Service Mash

4 min readJun 20, 2024

Once, I was a tech lead in a five-person team that owned 22 services, of which 12 were critical and highly loaded. We had dev, staging, and two production environments for each service. We also owned a few services for a deprecated product that no one had touched for years. Good times!

Look, Simba. Everything the light touches is our kingdom.

The team was amazing, but we had to be organized and intentional about navigating our infrastructure. This is how we survived delivering five-nines!

At first, operating your infrastructure is easy, as everybody is initiated into tribal knowledge. But the longer it goes, the more cryptic and chaotic it becomes.

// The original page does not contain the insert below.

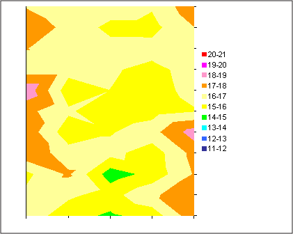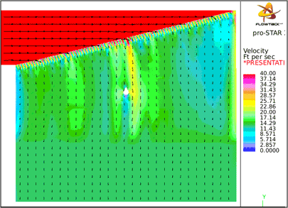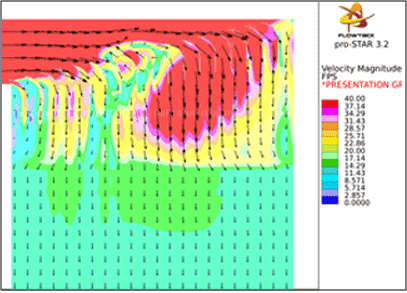 圖 1: 使用標準葉片時SCR速度分配 (CFD模擬結果) 圖 2: 使用GSG時SCR速度分配(CFD模擬結果(guo)) 圖 3: 使用傳統葉片時催化劑表面的速度測量 圖 4: 使用GSG時催化劑表面的速度測量 |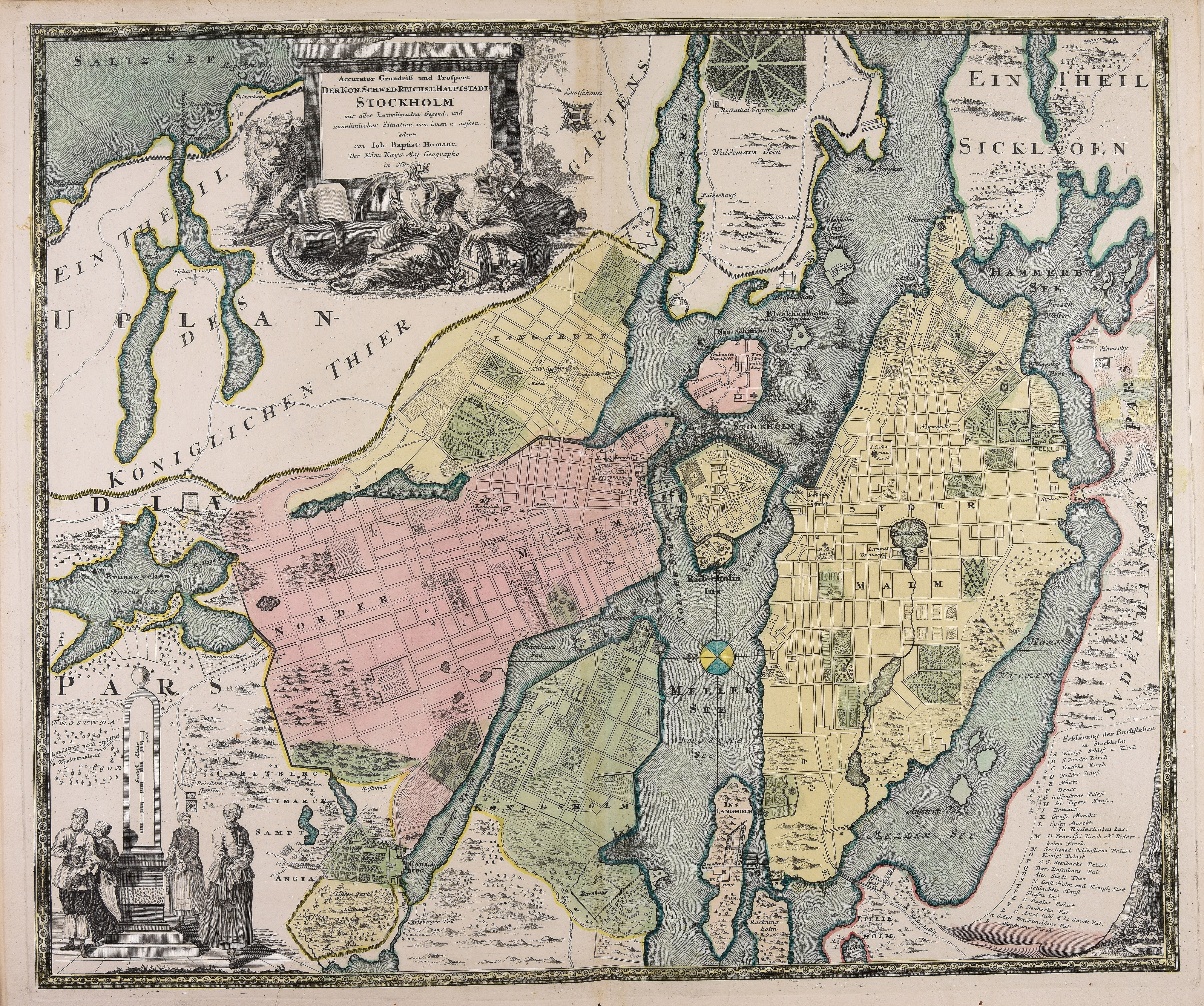 | Accurater Grundriss und Prospect der Kön. Schwed.-Reichs u. Hauptstadt Stockholm mit aller herumligenden Gegend und annehmlicher Situation von innen u. aussen |

Old services will become a complete mystery. Newcomers will bombard other engineers with questions. No one will remember a link to dashboards for that underused region. No one will know how to clean up the cache in that deprecated gateway. Everybody will be surprised when shutting down a seemingly useless role brings down the core infrastructure in flames, as it depended on it.

We need a way to keep all information about each service in one place. Hence, it is easy to explore your infrastructure, onboard newcomers, quickly find guidance for incident mitigation, etc.

Zero Context

The best way to approach communication and documentation is to assume zero context. Once, I got a work email that was something like this:

Your HWO in the HPS is missing an AHID. It can’t be fulfilled.
regards,
John

That’s it — not a single link or explanation. This is my first hearing of HWO, HPS, AHID, or John. Can you guess what it was about?

Always assume your audience might not know things that are obvious to you. Add a link to documentation, briefly explain your intentions and the end goal, and expand abbreviations.

Essentials

Let’s go over the things essential to know about a service!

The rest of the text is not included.